La segunda manifestación de género había terminado, y su cuerpo se había recuperado por completo, pero la razón por la que Yuder no participó en el entrenamiento en grupo ese día se debió a las reglas internas que Kishiar había establecido y anunciado previamente. Según estas normas, los miembros de la Caballería no podían participar en entrenamientos o misiones intensas durante las dos semanas siguientes a su manifestación.
Yuder había planeado inicialmente mantenerse al margen durante un tiempo, observando cómo progresaba el entrenamiento y haciendo las correcciones necesarias, así que esto no supuso ningún problema, aunque fue un poco decepcionante. Kishiar pareció captar el ligero pesar de Yuder y esbozó una leve sonrisa.

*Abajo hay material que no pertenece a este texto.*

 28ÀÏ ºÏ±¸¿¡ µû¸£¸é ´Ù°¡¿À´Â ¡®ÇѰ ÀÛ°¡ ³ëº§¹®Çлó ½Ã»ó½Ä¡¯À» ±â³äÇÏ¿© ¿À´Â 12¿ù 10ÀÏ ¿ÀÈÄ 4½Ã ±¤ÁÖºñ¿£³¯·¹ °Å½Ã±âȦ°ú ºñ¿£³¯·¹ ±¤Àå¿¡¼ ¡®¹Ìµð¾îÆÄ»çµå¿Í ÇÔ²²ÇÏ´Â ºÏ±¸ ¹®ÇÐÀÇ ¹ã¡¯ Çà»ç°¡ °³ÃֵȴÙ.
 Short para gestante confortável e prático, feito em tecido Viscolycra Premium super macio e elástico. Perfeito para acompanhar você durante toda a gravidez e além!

"Cuando hice esa norma, no tenía ningún pensamiento en particular, pero ha resultado ser bastante útil. Debería dar las gracias a los juristas que trabajaron duro conmigo".
"..."
"De todos modos, me alegra saber que las cosas van bien. Estaré preocupado con el juicio de la familia Apeto y los asuntos que surjan de él, así que tendrás que trabajar duro con los Subcomandantes mientras tanto".
"Sí".
Yuder se lo esperaba. Esa misma mañana, los miembros habían estado discutiendo fervientemente la noticia de que el interrumpido juicio de la familia Apeto se reanudaría en tres días. Gracias a ellos, Yuder se enteró de que el rumor de que Kishiar había matado al segundo hijo de la familia Apeto, Lenore, se había convertido en un rumor sobre el Príncipe Heredero.
Aunque los miembros que difundieron tal cosa creían en la inocencia de Kishiar y estaban mayoritariamente enfadados con el Príncipe Heredero, la opinión pública no era necesariamente la misma.
"Entonces, ¿recogiste los objetos de esas cajas en relación con eso?"
"Sí. Um... uno de ellos sí".
Kishiar dio una respuesta curiosa y desvió la mirada hacia las pequeñas y robustas cajas de madera que había sobre la mesa. Al abrir la tapa de la caja blanca de la derecha, un espeso olor a polvo llenó rápidamente el aire.
"¿Qué es esto...?"
"Este es el ingrediente venenoso que encontraste en el cadáver de Lenore Shand Apeto y en su carta".
La primera caja contenía un manojo de seta blanca seca.
"Cuando lo comprobé, este hongo apenas crece en la capital y sus alrededores. Como has dicho, los plebeyos a veces lo usan como medicina, no como veneno, así que casi no había casos en los que se recolectara adecuadamente y se trajera refinado".
Kishiar alargó la mano y jugueteó con el exterior de la caja abierta.
"Los Caballeros de Peletta y los informantes han trabajado muy duro para rastrear dónde consiguió el veneno el Príncipe Heredero. Este es el resultado".
Yuder se enderezó inmediatamente y examinó de cerca la seta.
"¿Lograron rastrearlo?"
"Fueron bastante astutos... pero sí, hemos encontrado una pista".
Los ojos rojos de Kishiar se entrecerraron, brillando con una luz fría.